Last week we reported on probably the most dramatic reduction in capacity we had ever seen in one market; one week later we have to report that the Coronavirus has resulted in two-thirds of international capacity to and from China being cancelled.
In less than four weeks the number of weekly international seats operated from China has fallen by some 1.4 million seats since the week commencing the 20th January as the table below highlights. In comparative terms that reduction in capacity is more than all of the scheduled international capacity planned from France this week.
Japan’s Olympic Hopes Damaged - With the Summer 2020 Olympics only 165 days away Japan was already facing some real challenges in reaching their stated ambition of 40 million visitors by 2021. No single market has been impacted by Coronavirus as much as Japan where scheduled airline capacity has fallen by some 200,000 per week compared to the week of the 20th January; a 60% fall in capacity in four weeks. Week on week comparison shows some 118,000 scheduled seats dropped from China to Japan.
Thailand which relies heavily on visitors from China has also been badly hit with similarly nearly 200,000 fewer seats to China than four weeks ago. It should also of course be noted that passenger load factors on those services that are operating are likely to be lower than average so traffic volumes will be further depressed.
In absolute terms, major country markets such as Indonesia (-92%), Singapore (-89%), Hong Kong (sar) China (80%) and the United States (-86%) have all seen dramatic reductions in capacity over the four-week period. The banning of flights by some countries is also reflected in no capacity to Italy whilst direct air links to other markets such as Hungary, Oman and the Maldives highlight the extent of the impact.

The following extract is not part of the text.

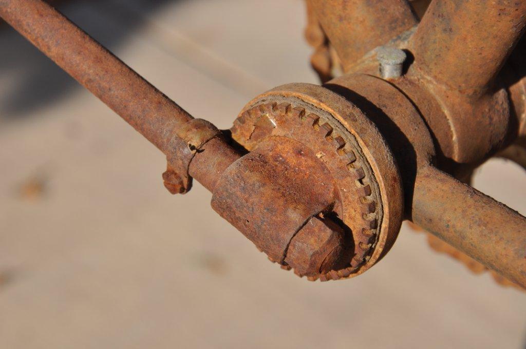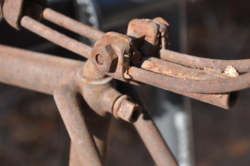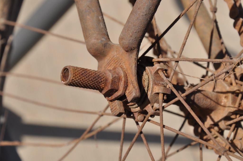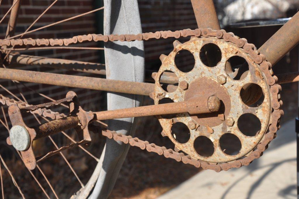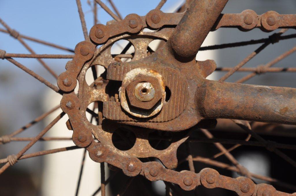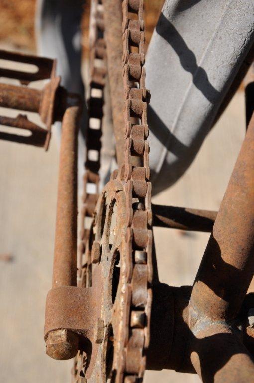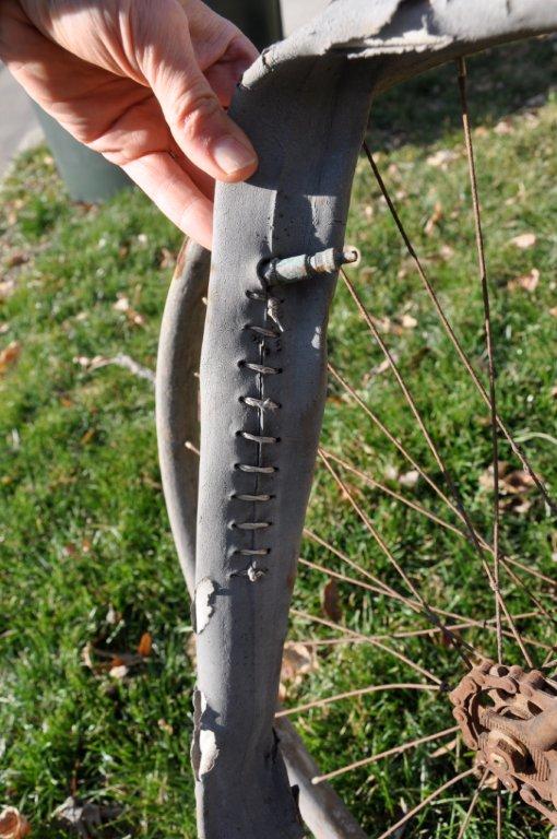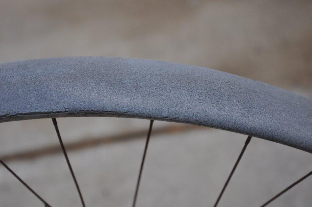 Look at all the beautiful details on this rusty gem, like the tires from 1895 on wooden rims!

Chinese Majors Implement Major Cuts – China’s three largest airlines have now cut international capacity by over half a million seats a week compared to four weeks ago. As a consequence, Spring Airlines who appear to have only reduced capacity by 6% through the crisis are now China’s largest international airline! Although great for a marketing campaign the timing is perhaps not quite right for such messaging.
Naturally the impact of Coronavirus “ripples” out from China. Cathay Dragon for instance have cut capacity by some 63,000 seats from China compared to the week of the 20th January. Other carriers such as Korean Air, Asiana Airlines and All Nippon Airways have seen capacity nearly halved as they attempt to balance the need to maintain operations with dramatic reductions in demand.
It Can’t Get Worse….Can It? – we hope not! However, there are still some 718,000 scheduled seats planned to operate this week from China, which is similar to the planned outbound capacity from the whole of Greece this week. Our expectation is that international capacity from China may again fall over the next few days but that we have seen the worst of the cuts with airlines having responded quickly to the virus.
Ultimately we know from previous events of this nature that capacity and demand will return quickly but the numbers are certainly some of the most dramatic we have ever seen in any market.